In un’intervista esclusiva al New York Times, il chitarrista e fondatore dei Black Flag Greg Ginn parla senza filtri della rivoluzionaria scelta di ricostruire la iconica band della scena hardcore punk mondiale con una formazione giovanissima, tre membri nati ben dopo lo scioglimento originario del gruppo.
“E’ il momento di spiegare, anche se trovo tutto questo sgradevole“, esordisce nell’intervista Ginn, affrontando le polemiche nate dall’età dei nuovi componenti: Max Zanelly (22 anni, voce), David Rodriguez (21, basso) e Bryce Weston (22, batteria). Per lui, la selezione è stata spietatamente meritocratica: “Ero aperto a chiunque. Ho avuto molte candidature, ma sono semplicemente i migliori, musicalmente parlando.

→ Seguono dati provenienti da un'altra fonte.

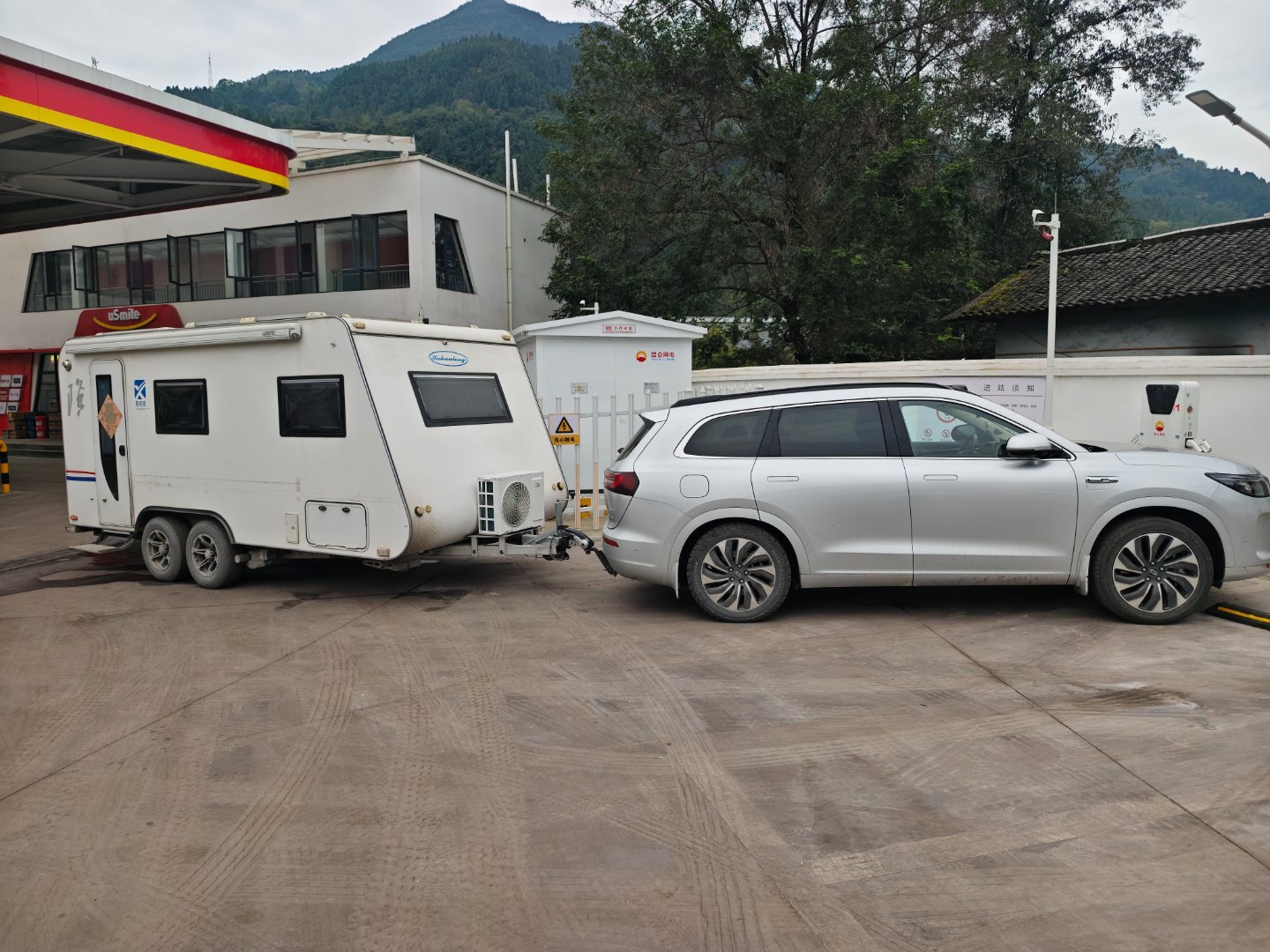 来充电,碰到一辆老款问界M7拖挂着一辆房车,武汉车牌,看样子是来这边旅游路过的
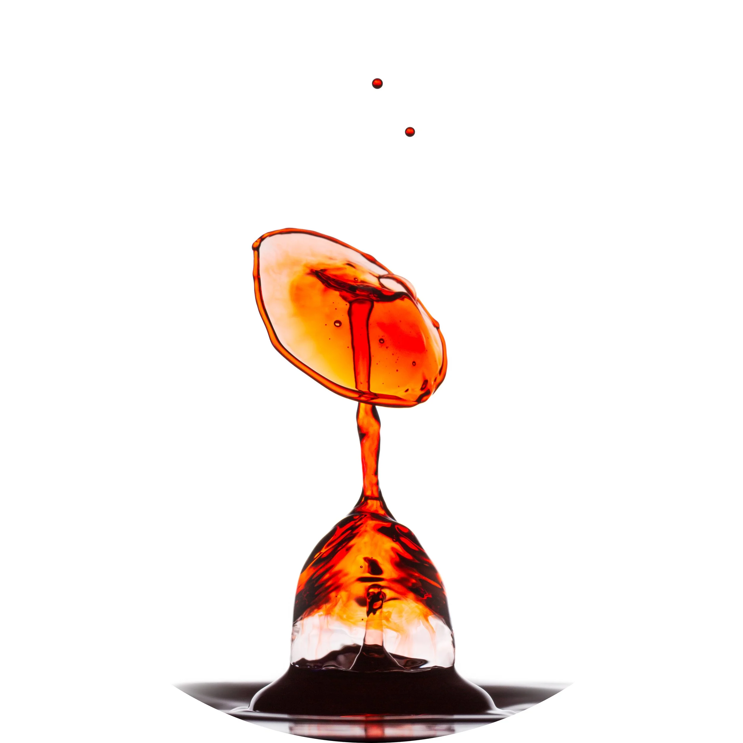 The Parasols are high-speed photographs of colliding drops of liquid. This type of photography presents a number of technical challenges starting with the type, viscosity, and color of the liquid being used, the sizes of and timing between drops used to produce the collisions, and with timing the precise instant at which the image is recorded. Small changes in the sizes of the droplets or the milliseconds between drops make a world of difference in the result. Yes, I said milliseconds.

Lo capiranno quando ci ascolteranno suonare“.
Ginn disdegna il rumore di fondo dei social network, definendolo con sarcasmo il parere di “qualcuno nello scantinato di sua madre che sa come governare il mondo”. La sua bussola è il contatto vivo con il pubblico dal vivo. E forse è stato proprio in quel contesto che ha scovato il futuro. La cantante Max Zanelly, infatti, è stata reclutata dopo che Ginn l’ha notata cantare con furore in prima fila a un loro concerto. “Era l’unica persona che potevo immaginare per farlo“, confessa.
Per la Zanelly, un’esperienza totalmente nuova. “Il primo giorno di prove ho detto: ‘Yo, non ho mai urlato in un microfono prima d’ora‘”, racconta. La sua palestra? Le macchine. “Tornando a casa dal turno di cameriera, perdevo la voce in auto urlando le canzoni dei Black Flag“. Un’anima punk autentica, plasmata dall’ascolto, non dalla militanza nella scena.
Anche l’audizione di Bryce Weston è arrivata via video, segno di un reclutamento che unisce vecchie intuizioni e nuovi metodi. È la fotografia di un gruppo in transizione: la mente storica e compositiva di Ginn si fonde con l’energia cruda di tre ventenni che portano il peso di un’eredità senza averne vissuto l’epoca d’oro.
I nuovi Black Flag non vogliono essere una tribute band di se stessi. Sono in tour fino a fine mese, per poi tornare nel 2026 con una serie di date già annunciate, incluso un atteso passaggio al Coachella. Una scommessa audace, che prova a innestare il DNA anarchico e sperimentale della band in un corpo nuovo.
Il punk non muore, si rigenera. E a volte per farlo, ha bisogno di voci che non esistevano quando tutto è cominciato. La storia dirà se Ginn ha visto lungo, o se ha semplicemente scavato nel futuro per ritrovare lo spirito irrequieto del passato. Il primo verdetto spetta al palco.